The digger crayfish is a heavy-bodied, reddish-tan species with a pale, iridescent stripe along the midline of the abdomen and short, broad pincers. The moveable finger on the pincers has a deep notch on the inner margin near the base, and there is a thick growth of hairlike setae along the opposing margin of the fixed finger. Areola absent. The rostrum is broad, with a central troughlike depression. The carapace and abdomen are about equal in length.
Similar species: The devil crayfish lacks the notch on the moveable finger. The grassland crayfish lacks the pale iridescent abdominal stripe, and its carapace length is distinctly less than the length of the abdomen.
Adult length: about 1¾ to 3½ inches.
Known from a few localities along the boundary between our southeastern lowlands and the adjacent Ozarks, including Ripley and Butler counties, and from a widely separate location along the lower Gasconade River. It might be more widespread in eastern Missouri, however.
Habitat and Conservation
In Missouri, the digger crayfish occurs in seasonally flooded areas in lowlands and in floodplains of streams. In January through May, it may be found in surface waters, but the rest of the year is spent in burrows underground. Burrows consist of a nearly vertical shaft that extends as low as groundwater. It widens at the bottom, and often there is at least one side passage leading to the surface or to a nearby stream or ditch. The surface openings often have a chimney or mound made of the excavated mud.
Food consists of plant fragments, especially grass seeds, and a variety of animal material, including insect fragments and crayfish parts. At times of high humidity, especially during and after warm rains, these crayfish sit at the entrance of their burrows or wander over the surface of the ground, searching for food, mates, or a new living area.
A species of conservation concern in Missouri, known from only a few localities in our state.
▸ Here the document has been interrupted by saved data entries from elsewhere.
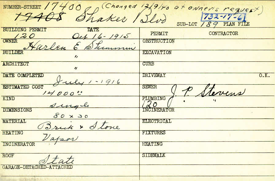 17400 Shaker Boulevard Shaker Heights, OH 44120 PARCEL ID: 732-17-006 Building Permit Date: 10-16-1915 Plan File Number: 0 Neighborhood: Malvern Owner: Shimmin, Harlen E. Builder: Shimmin, Harlen E. Architect: Shimmin, Harlen E. Estimated Cost: 14000 Date Completed: 07-01-1916 Kind: Single, Single Residence or Dwelling Material: Brick and Stone Heating: Vapor Roof: Slate |
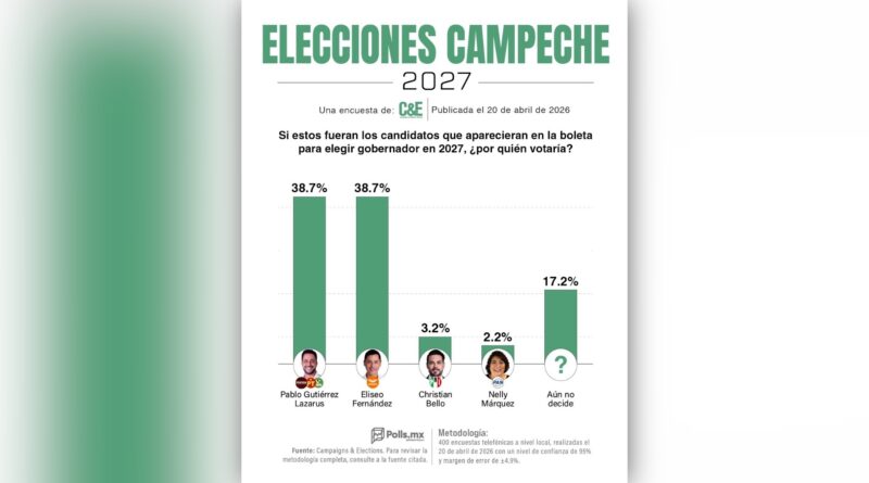 EMPATAN PABLO Y ELISEO POR LA GUBERNATURA EN ENCUESTA DE C&E RESEARCH; HACIA CONTIENDA CERRADA EN 2027
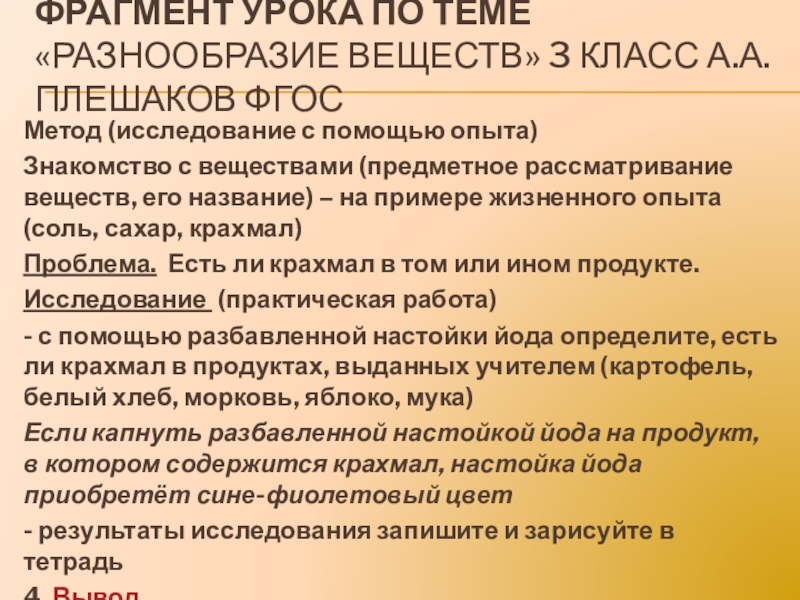 Слайд 15Фрагмент урока по теме «Разнообразие веществ» 3 класс А.А.Плешаков ФГОС

Because of its burrowing habit, it is not easily collected, so it might be more widely distributed than researchers have been able to determine. This species occurs along the Gulf Coast from east Texas to the Florida panhandle and north in the Mississippi and Ohio river valleys to the southern Great Lakes in Ontario and Michigan. It also occurs along the Atlantic Coast from Maryland to South Carolina.
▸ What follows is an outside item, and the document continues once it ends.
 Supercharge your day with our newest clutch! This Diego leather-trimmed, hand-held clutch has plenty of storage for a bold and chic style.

Breeding occurs in late spring or early summer, and mature females carry eggs in the fall. The young hatch in spring, or possibly in fall or early winter. Researchers in Arkansas found that females seem to be about twice as abundant as males, as adults. Collections of juveniles revealed even more lopsided ratios (30 females to 1 male, in an Arkansas collection, and 36 to 2, in a Missouri collection). No one is sure how this unbalanced sex ratio comes about, or what adaptive purpose it serves.
In addition to feeding many types of wildlife, crayfish provide food for many species that humans hunt and fish. Crayfish are fascinating, colorful creatures in their own right, and are part of our rich native heritage.
Crayfish are an important link in the food chain between plants and other animals, breaking down plant materials that are resistant to decay. Crayfish in turn are an important food for many other animals. Burrowing animals mix the soils, increasing its fertility.